Friday, June 25, 2010

The cricketing ages of man.

As I watch Ricky Ponting approach the end of his cricketing career it occurs to me that my life has been set down in stages according to who is the current Australian cricket captain. It certainly has tended to divide life into convenient chunks of 5 - 8 years or so. Far too many of them if I'm honest.

My first real cricket captain was Ian Chappell. Of course as a young nipper I was aware of Bill Lawry but Chappelli was the first captain i genuinely recognised as being an important part of my life. Still, I was too young to appreciate his genuine worth as a captain and I can only remember being desperately disappointed by his all too frequent modest scores as a batsman.

His brother and replacement captain Greg Chappell on the other hand, was God-like in his batting prowess, and I happily overlooked any shortcomings he had as a captain. His fluent, elegant technique was a joy to watch, and his prowess against both the English and the dominant West Indies brought joy to my teenage years.

Of course, Chappell's reign was interrupted and to a certain extent ruined by the eruption of Packer World Series cricket, and so we had brief periods of captaincy by Graham Yallop (who I quite liked) and Kim Hughes (who I didn't). But Greg was the man. Only much later did I find out what serious flaws he actually had as captain. Perhaps our heroes will always inevitably let us down, but I'm glad Greg's failings weren't apparent (at least to me) until well after his captaincy ended.

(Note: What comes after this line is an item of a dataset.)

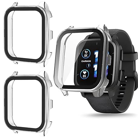 2 Pack for Garmin Venu Sq 2 / Sq 2 Music Screen Protector Case [Full Coverage], Hard PC Bumper All-Around Protective Accessories for Garmin Venu Sq 2 Built-in Tempered Glass Film

Following Greg of course was the ineffable Allan Border, perhaps my most favourite of captains. A great captain and a great batsman, he was rock solid and lacked the character flaws of both Chappell brothers. With neither the elegance of Greg nor the hard-headed insight of Ian, he was yet a brilliant batsman and a competent and respected skipper. Whenever Aussie cricketing backs were against the wall, you could always rely on AB to grind out a big innings to save the day. He did it again and again and virtually single-handedly re-built Australian cricketing pride.

That Border's reign coincided with my marriage, arrival of children and first significant move from my home town are not insignificant. Australia's 1989 triumphant Ashes tour of England remains one of my life's highlights. And while that tour was memorable for the coming of age of superstars and future captains in Mark Taylor and Steve Waugh, it was Border's captaincy that made that series possible. I still vividly remember sitting alone in my new town of Adelaide, wife and kids yet to join me, and watching all night, mesmerised as Mark Taylor and Geoff Marsh batted through the whole of day one of the fifth test. Glorious!

AB's reign lasted a whole decade, and it seemed somehow grotesque that it had to come to an end, but it did. I was unsure about the worthiness of his replacement, Mark Tubby Taylor, but then, who could replace AB? Taylor proved worthy but relatively short-lived, being at the helm for just 5 years. In some ways the opposite of Border, Taylor proved a lively and likeable captain paving the way for his replacement Steve Waugh, and cementing Australia's position as a leading test nation, whilst simultaneously I was cementing my own life firmly in my new home city of Adelaide.

Steve Waugh was a strange but aggressive captain and a powerful batsman who was even more capable of digging Australia out of trouble than had been Allan Border. Perhaps our most fluent and elegent batsman since Greg Chappell, Steve Waugh impressed everyone the world over with his skill and mental as well as physical toughness. With a fast-growing family of three rapidly growing boys, these were traits I needed and tried to emulate.

Then came Ricky Ponting. Never before had one so young and so talented been so obviously destined for the captaincy as young Ricky. Such precocious talent of course yielded a few ups and downs early on, but it was always inevitable that he would settle down to become one of Australia's finest batsmen and an undoubted, brilliant captain. That he was a fellow Tasmanian only made his reign doubly pleasurable for me.

However now his era is coming to an end, and as his star fades, so does Australia's as a cricketing nation. The gloss has gone, and as I enter the latter half of my life and begin to feel my age, it seems to me that the best of Aussie cricket has also been and gone, at least for a while.

Whoever takes over as captain will have an unenviable job. Following the Chappells, Border, Taylor, Waugh and Ponting is going to be one of the toughest challenges on Earth. I wish him well.